Evaluation of chest X-ray with automated interpretation algorithms for mass tuberculosis screening in prisons: A cross-sectional study

🔗2023

🔗Journal/Publication: The Lancet Regional Health Americas

🔗Read it in full version: https://doi.org/10.1016/j.lana.2022.100388

Abstract

Background
The World Health Organization (WHO) recommends systematic tuberculosis (TB) screening in prisons. Evidence is lacking for accurate and scalable screening approaches in this setting. We aimed to assess the accuracy of artificial intelligence-based chest x-ray interpretation algorithms for TB screening in prisons.

Methods
We performed prospective TB screening in three male prisons in Brazil from October 2017 to December 2019. We administered a standardized questionnaire, performed a chest x-ray in a mobile unit, and collected sputum for confirmatory testing using Xpert MTB/RIF and culture. We evaluated x-ray images using three algorithms (CAD4TB version 6, Lunit version 3.1.0.0 and qXR version 3) and compared their accuracy. We utilized multivariable logistic regression to assess the effect of demographic and clinical characteristics on algorithm accuracy.
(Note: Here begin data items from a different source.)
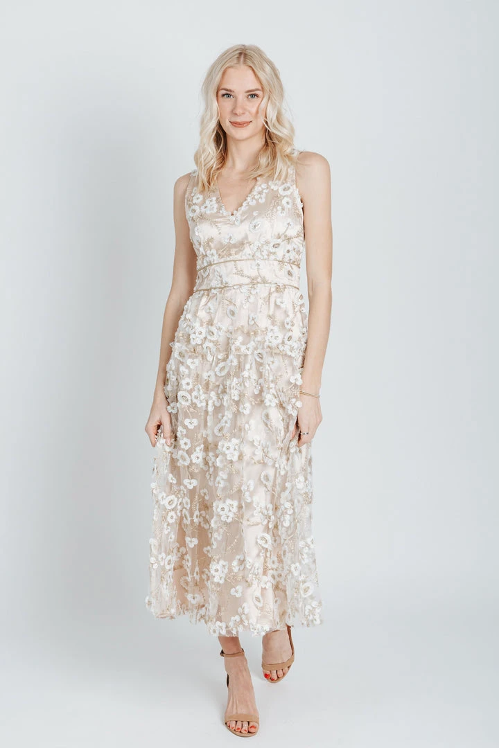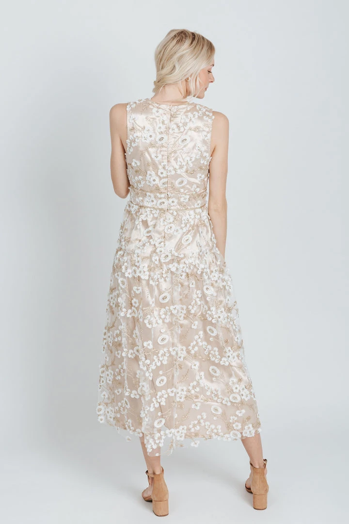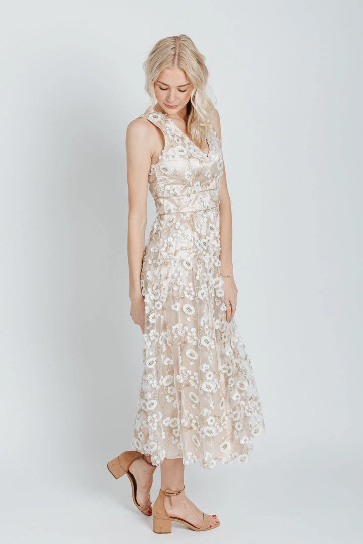 This dress was made for memories. The Berkley Floral Detail Dress has a rose gold metallic satin lining with a textural floral lace overlay. It is a tank style with a v-neckline. It has a structured waistline with zipper closure in the back.
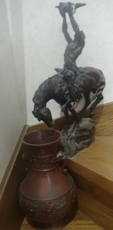 勝利の雄叫び(ブロンズ)と仮題をつけていたが、作家は不詳、下の銅製の壺とセットにして、階段の脇に置いてある。 |
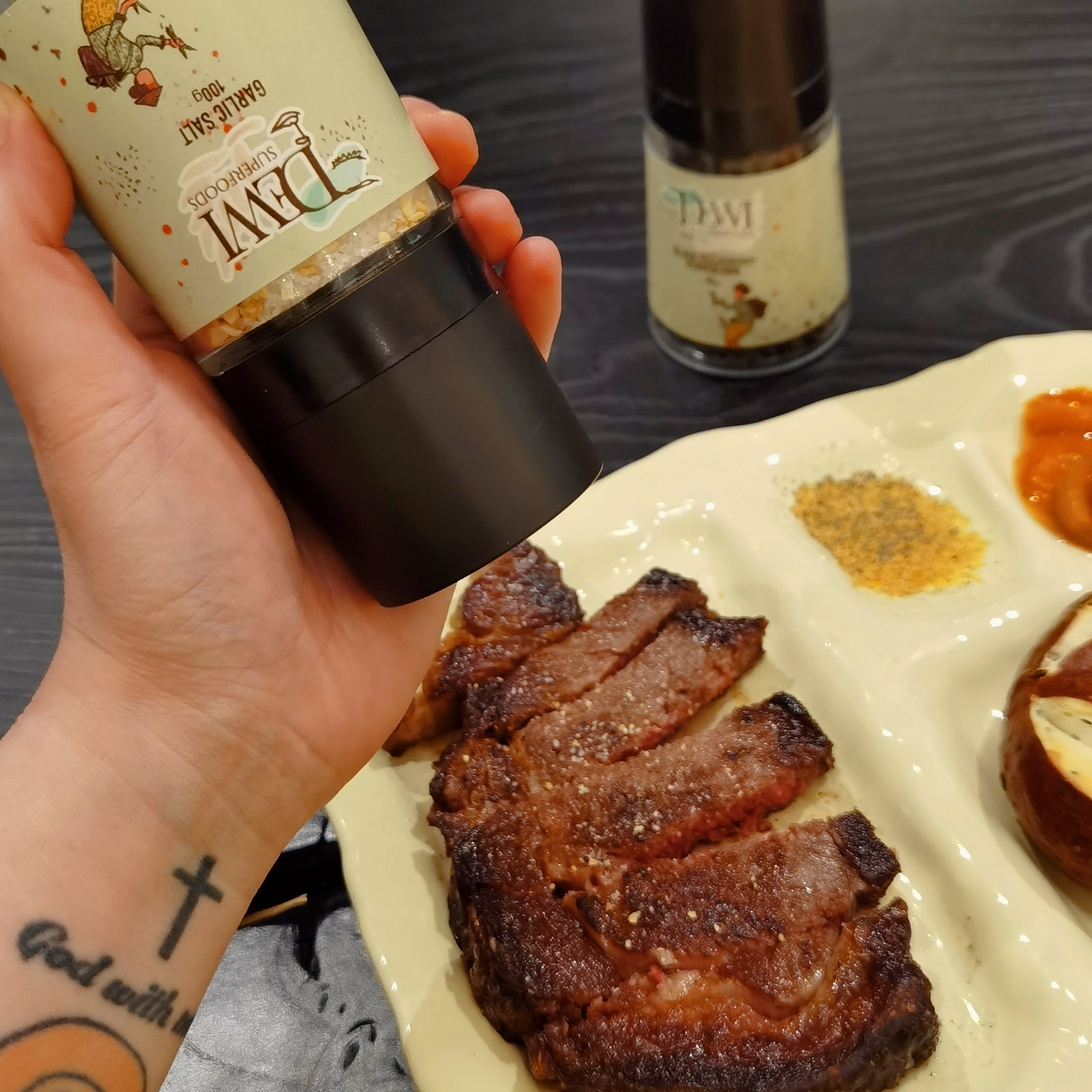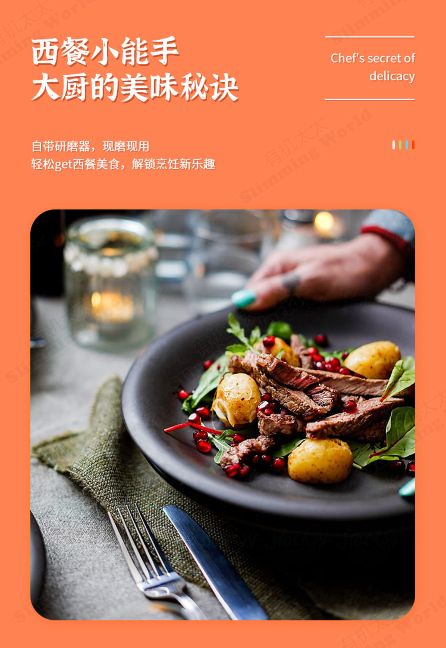 我坠常用到的是蒜和蒜盐,还有黑胡椒和芫荽籽粉,主要是吃牛排时撒上,也能用来拌沙拉,口感可比酱汁高级多咯!热量也低,减脂很需要!我还试了用蒜盐给鸡按摩入味煮了高压锅焗鸡,也是超美味!所谓差生文具多,如果手艺一般,就多来些调料,让简简单单的菜肴变幻出与众不同的异域情调,而且不管中餐还是西餐,都是能用得上的,中西合璧,完美!
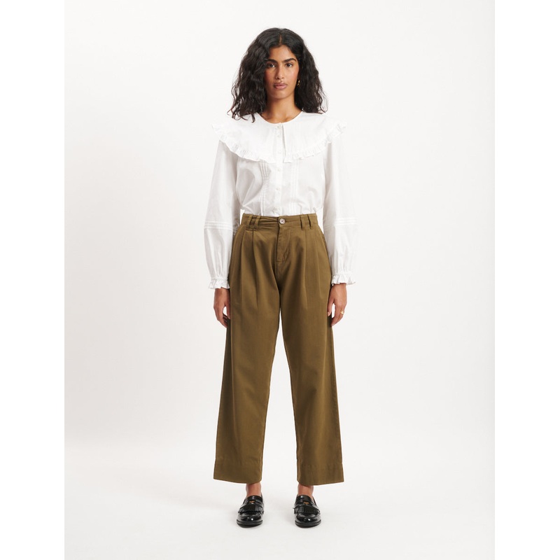 The definition of relaxed tailoring. These khaki tapered trousers sit high on the waist with a double pleat front and stylish wide leg. Switch between retro trainers or stompy boots.

Finally, we investigated the relationship between abnormality scores and Xpert semi-quantitative results.

Findings
Among 2075 incarcerated individuals, 259 (12.5%) had confirmed TB. All three algorithms performed similarly overall with area under the receiver operating characteristic curve (AUC) of 0.88–0.91. At 90% sensitivity, only LunitTB and qXR met the WHO Target Product Profile requirements for a triage test, with specificity of 84% and 74%, respectively. All algorithms had variable performance by age, prior TB, smoking, and presence of TB symptoms. LunitTB was the most robust to this heterogeneity but nonetheless failed to meet the TPP for individuals with previous TB. Abnormality scores of all three algorithms were significantly correlated with sputum bacillary load.